Today, CNN released a poll with a topline that read Sharron Angle 49%, Harry Reid 45%. Not a great showing on its face. However, I looked a bit closer at the poll and noticed this:
Registered Voters:
Reid: 48
Angle: 44
Likely Voters:
Reid: 45
Angle 49
Now, I understand that there is a enthusiasm gap and that we can all expect some level of undervoting among Democrats when compared to their Republican counterparts. However, it just seems wrong on some level to take a Reid +4 RV spread, and flip it on its head to a -4 spread. Could the composition of the voters really be that far off from the composition of the electorate?
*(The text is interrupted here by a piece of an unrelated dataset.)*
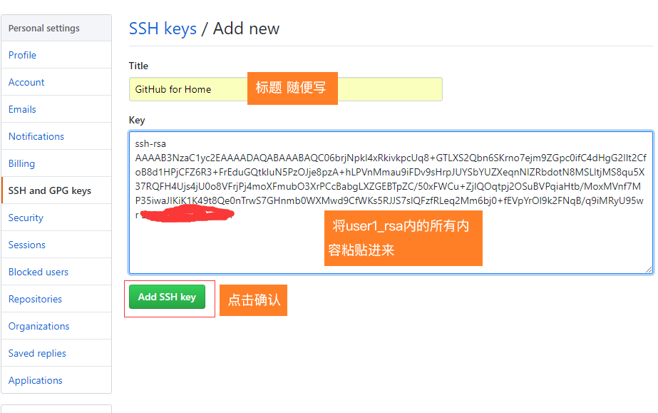 复制公钥,分别粘贴到对应的github的SSH key页面

The good news is that with the vote now approaching 50 percent of the 2008 totals in Nevada, we now have a good sample of who will be voting in this election. We also have crosstabs on CNN's results. With that, we can take a closer look.
Both GMU and CNN provide nice crosstabs that break down the results by various groups. For the purposes of this diary, I will look at the voters by party ID, and look at the CNN results for those same groups. The results show a voting population that doesn't quite match CNN's assumptions of a drastic Democratic lack of turnout.
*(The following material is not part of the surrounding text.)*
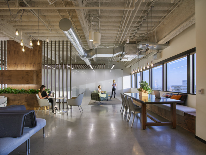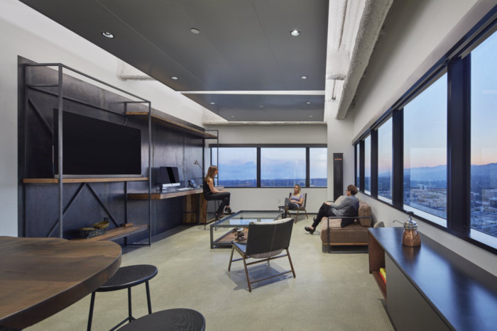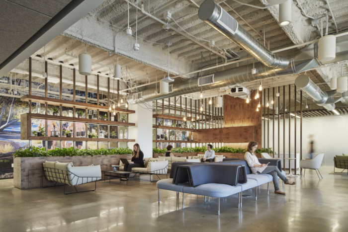 抵达主电梯大堂后,空间变得干净而中性,大屏幕显示公司的产品和愿景。天花板上的木格子将游客带到花园休息室,用再生木材和钢元素围起来。设计师开发了办公室中心花园休息室的概念,周围环绕着太平洋和远处圣莫尼卡山脉的景色。#办公楼装修设计公司#

With a count equalling 46.1% of the 2008 count already tallied, we see the following percentages for party ID in the vote:
Dem 42.4%
Ind 15.1%
Rep 42.5%
Now, in the CNN crosstabs, we see what they tallied for these subgroups among "likely voters":
Dem: Reid 96% Angle 3%
Ind: Reid 38% Angle 53%
Rep: Reid 10% Angle 82%
So, doing a little math, you get:
Reid: 50.7% (.424*.96 + .151*.38 + .425*.1)
Angle: 44.1% (.424*.03 + .151*.53 + .425*.82)
Whoah! And this is a poll that had a topline of Angle +4! What does that mean? Well...it means something very, very important: CNN's likely voter screen is not even remotely reflective of the actual voting population that is showing up. The subtext here is that all kinds of polling operations have been doing the same thing with likely voter screens, and if the change is this dramatic in Nevada, this very well could reflect a general error in polling methodology.
So there you have it. Real votes in an actual election just don't mesh with the state of the world as envisioned by this particlar polling operation. And as Nate Silver skillfully demonstrated, if polls in general are systematically off by just a few points, it totally changes the game. And just to give some historical context, the polls overestimated Republican turnout by 5 points in 1998, so it's not like this would be unprecedented. A result like that of 1998, if applied today, would make Republican gains FAR less dramatic than everyone is expecting!
Now, just to be clear, I'm not saying that this is a nationwide trend, or even true in Nevada. But it sure does give a pretty solid argument that maybe, just maybe, certain people have gotten carried away in the "Democrats won't show up!" narrative without doing the proper legwork to see if these claims would come true.